The blood type diet was created by Dr. Peter J. D’Adamo, the naturopathic physician who wrote "Eat Right 4 Your Type," a New York Times' best-selling book, in 1996. The relatively popular diet is founded on the principle that your blood type strongly influences how your body assimilates or reacts to food, how your immune system behaves, how your body deals with stress, and your likelihood of developing certain diseases. After characterizing the nature of the four general blood types -- A, B, AB and O -- the diet offers food and exercise plans designed to meet the individual needs of each type. However, no scientific evidence supports the premise that certain blood types need specific diets.
O Blood Type Characteristics
Dr. D’Adamo characterizes O as the “hunter” blood type, which means that O types thrive on a diet rich in animal protein -- specifically, organic meat, poultry and fish. According to D’Adamo, O types have a higher than average stomach acid content, which makes them more efficient at digesting meat than other blood types, but also makes them more prone to stomach ulcers. People with type O blood are also more likely to have low levels of the thyroid hormone, according to D’Adamo, making them more prone to hypothyroidism, a condition that can cause weight gain and fatigue. Despite these two common O-type health issues, the average O type has a highly active immune system. People with type O blood also have a robust digestive system and respond best to stress through intense physical activity.
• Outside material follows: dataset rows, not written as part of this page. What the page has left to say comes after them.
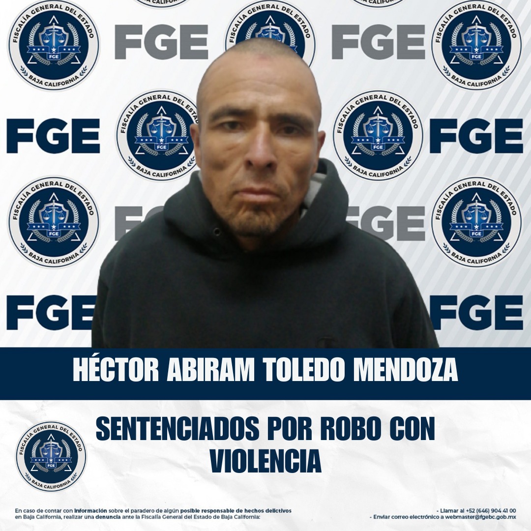 ENSENADA, BAJA CALIFORNIA. - La Fiscalía Regional de Ensenada logró una sentencia condenatoria en contra de Héctor Abiram Toledo Mendoza, quien fue encontrado culpable del delito de robo con violencia, tras el desarrollo del proceso penal correspondiente.
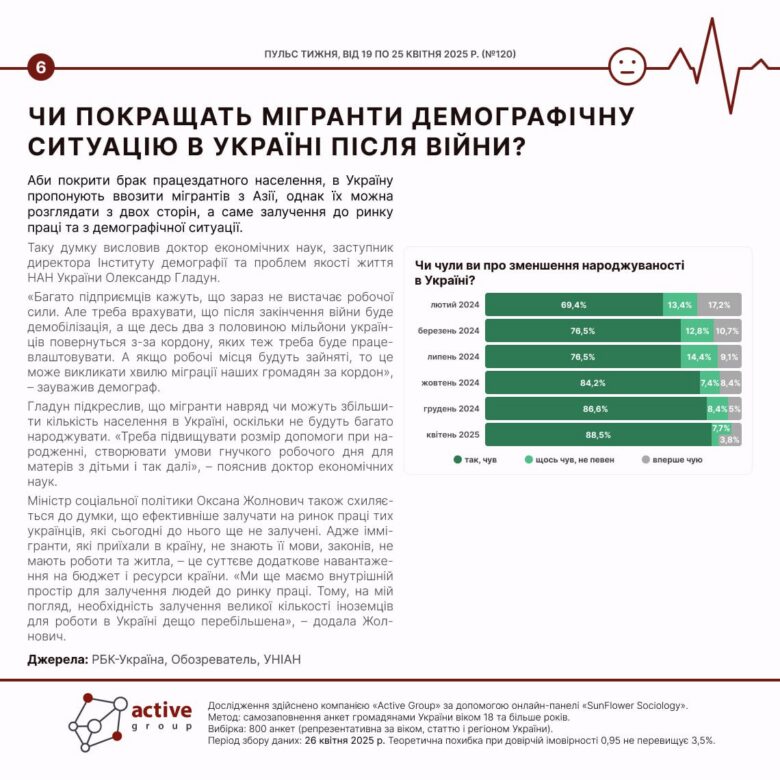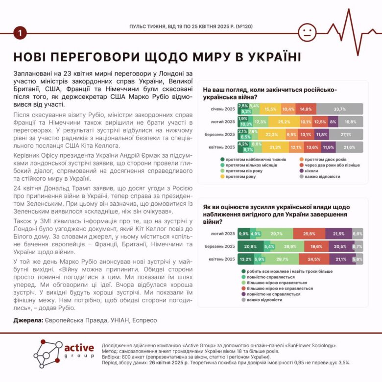 April 29, 2025 - Actual, Ratings(Українська) Пульс тижня: 19 – 25 квітня (№120) Sorry, this entry is only available in Українська.
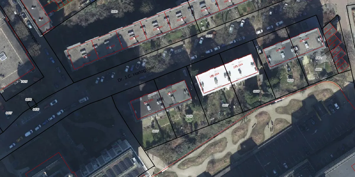 Dr. J.C. Hartogslaan 16-2 is gelegen op kadastraal perceel AHM01R6656. Deze kadastrale aanduiding is uniek en wordt gebruikt door het Kadaster om eigendomsrechten en andere zakelijke rechten vast te leggen. Het perceel maakt onderdeel uit van de kadastrale gemeente Arnhem.
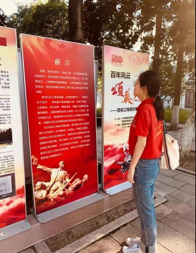 在海门区党校,与党校总负责人见面并交流后,实践团了解到海门区政府为庆祝建党百年,在党校内部场馆举办了党史图片特展,展馆内所陈列的展牌囊括了从“伟大开端”到“胜利的大会”等七个部分。实践团成员有幸在一名党校资深老师的带领下,参观了两大展馆,并得到了老师对于百年党史生动详细的讲解。

Major Dietary Restrictions
The blood type diet suggests that O types will lose most of their excess weight, at least initially, by avoiding grain products. Although certain whole grains, like brown rice and millet, are considered neither good nor bad for O types, the diet specifically calls for avoiding wheat products, stating that gluten lectins, the reactive proteins in wheat, are the leading cause of weight gain in O types because they hinder insulin metabolism, interfere with efficient calorie use and promote inflammation.
D’Adamo advises O types to avoid corn for similar reasons and further recommends that O types steer clear of simple carbohydrates, especially in the form of refined grains like pasta, because O types convert these foods into fat and triglycerides more readily.
Dairy products are another food that O types should severely limit. According to the diet, people with type O blood are generally intolerant to the lactose dairy products -- including milk, cheese and yogurt -- and don’t digest them very well. Although eggs aren’t a source of lactose, D’Adamo puts them in the same category, stating that they’re a poor protein source that O types should avoid.
O types should completely avoid certain vegetables, as well; lentils, kidney beans and navy beans contain lectins that deposit in muscle tissues, making it harder to burn calories efficiently. Cabbage, Brussels sprouts, cauliflower and mustard greens are also said to promote weight gain in O types, because they interfere with thyroid activity.
Other Foods to Restrict
Although the blood type diet recommends that O types eat lean beef, lamb and poultry and lean and fatty fish as often as desired, it does advise against consuming certain kinds of animal protein, including catfish, smoked salmon and pork in any form. Similarly, O types can generally include oils in their diet -- olive and flaxseed oils are recommended for this type -- but other oils, including corn, peanut, safflower and cottonseed oil, should be avoided. The diet suggests that, while O types can still eat certain nuts as long as they’re not a primary protein source, Brazil nuts, cashews, peanuts and pistachios should be avoided all together. The O type diet also recommends avoiding avocados, olives, mushrooms, potatoes, oranges, strawberries, blackberries, honeydew melon and cantaloupe, as well as pickles, coffee, black tea, regular or diet soda, apple juice, cinnamon, nutmeg, vanilla and vinegar.
A Lack of Scientific Evidence
It wouldn’t be surprising if adhering to the blood type diet helped you lose weight – any diet that strictly limits refined carbohydrates is likely to result in some kind of weight loss. While the diet does promote healthy foods, no research exists that supports the claim that eating for your blood type is directly correlated with improved health and a lower risk of disease.
A major systematic review published by the American Journal of Clinical Nutrition in 2013 found that, after researchers examined more than 1,000 studies on blood type and diet, absolutely no evidence exists that the blood type diet is a valid theory. While the review acknowledged that certain blood types are prone to certain diseases, the blood type diet has not been shown to play a role in prevention, and its purported health effects should be seen as theoretical until they are scientifically proven.